In CDC’s application obtained under freedom of information laws, the company said disclosure of its emissions could reveal trade secrets about data centre operations – one of three arguments available under the NGER Act.

Companies can also apply to the CER to have their data withheld on the grounds that publication could reveal a “matter of commercial value that would be destroyed or diminished”.

The documents showed CDC’s application related to a corporate initiative at least partially connected with its work with “national security and other critical [federal] government departments that store sensitive and classified information”.

“CDC provides specialist data centre services to government and national security customers with high information classification and security requirements and is subject to specific requirements regarding the handling and disclosure of customer data,” it said.

A CER spokesperson told InnovationAus.com on Thursday that CDC's application to have Scope 2 emissions and energy data withheld was rejected as it was “not satisfied” the company had met subsection 25(3) of the NGER Act.

According to subsection 25(3), the regulator is required to be satisfied that disclosure would “reveal, or would be capable of revealing” trade secrets or “any other matter having a commercial value that would be, or could reasonably be expected to be, destroyed or diminished if the information were disclosed”.

A CDC said it is “dedicated to keeping our clients' data safe and secure -- and we will continue to take all steps possible to protect the confidentiality of their interests”.

“CDC engaged with the CER about possible unintended consequences resulting from the publication of NGER data. We appreciate CER’s collaboration during this process,” a spokesperson said.

“CDC has proactively supported efforts to improve climate change action through greater disclosure and transparency. This includes further work with our stakeholders and the submission for publication of the NGER reporting information for FY22.”

“CDC plans to continue submitting for publication the NGER reporting information and advocate for reporting methods to evolve to reflect international emissions boundary and accounting standards.”

In March, with its application for the 2020-21 financial year still pending, CDC requested that more recent emissions data for 2021-22 be published.
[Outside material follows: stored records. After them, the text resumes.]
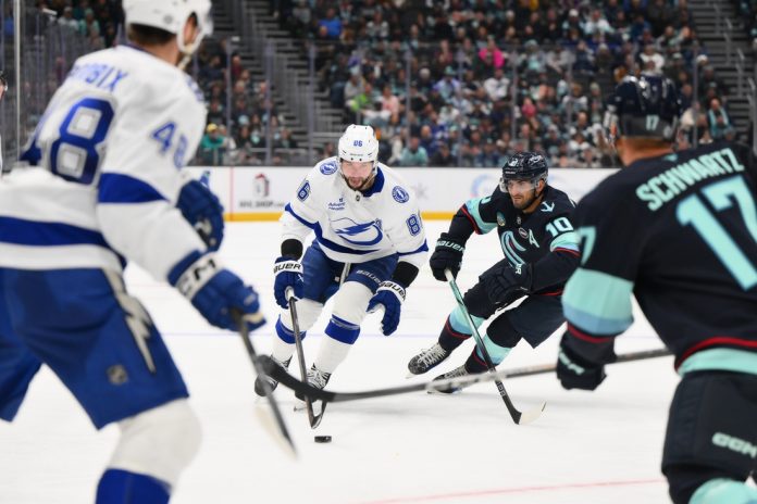 Lightning defenseman Victor Hedman missed his second consecutive game with a lower-body injury despite participating in the morning skate. Seattle forward Yanni Gourde, who won two Stanley Cups with the Lightning before being selected by the Kraken in the 2021 expansion draft, missed his second straight game with a lower-body injury.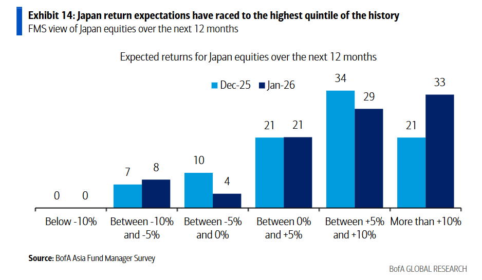 在行业配置上,银行和半导体继续是投资者在日本市场的最爱,分别有50%和38%的受访者超配这两个板块。银行作为利率上升的关键受益者,半导体则是AI投资主题的核心标的。日本市场的回报预期已升至历史最高五分位数,33%的受访者预期未来12个月回报超过10%。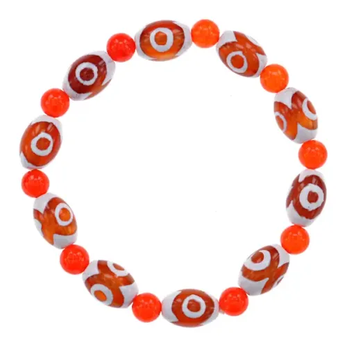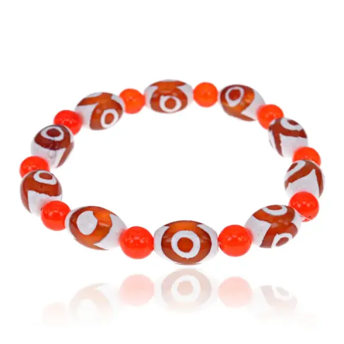 Стрейч-браслет с бусинами из натурального агата. В дизайне использована трёхглазая бусина Дзи.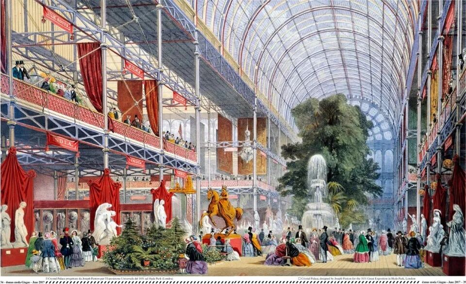 由约瑟夫·帕克斯顿 (Joseph Paxton) 设计的39米高的铁玻璃温室在其92.000平方米的表面上安置了一个强大的风景系统,通过欧文·琼斯的装饰品(琼斯本人在1856年的著作《装饰的语法》中绘制)的相互作用而创建展出了超过100.000件物品,展出的物品从第一个公共厕所到传奇的Koh-l-Noor钻石。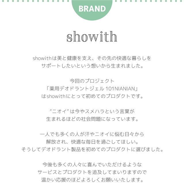 「Makuake(マクアケ)」は、実行者の想いを応援購入によって実現するアタラシイものやサービスのプラットフォームです。このページは、 コスメ・ビューティーカテゴリの 「汗を抑えてニオイの元から徹底ブロック!薬用デオドラントジェル101NIANIAN」プロジェクト詳細ページです。

Data for successive reporting years is “generally withheld” if an application is pending, according to the CER.

The data revealed CDC’s emissions were 187,568 tonnes in the 2021-22 financial year – almost all of which were in the form of indirect Scope 2 emissions (187,397 tonnes) – while its energy consumption was 856,414 Gigajoules.

All other data centres to emit at least 50 tonnes of greenhouse gases -- the threshold for reporting -- reported their emissions data in full in both 2020-21 and 2021-22, including Equinix, NEXTDC, AirTrunk, Amazon, Global Switch and Fujitsu.

In 2021-22, NEXTDC overtook Equinix as the biggest emitter of the data centre providers, producing 351,338 tonnes of emissions (1289 tonnes of Scope 1 and 350,049 tonnes of Scope 2) in 2021-22.

Equinix emitted 309,926 tonnes (826 tonnes of Scope 1 and 309,100 of Scope 2) in 2021-22.

Amazon Corporate Services – the only other data centre provider to have unsuccessfully attempted to withhold emission – produced 261,209 tonnes (626 tonnes of Scope 1 and 260,583 tonnes of Scope 2) of emissions last year.

Updated at 10:15am to include CDC Data Centres' statement.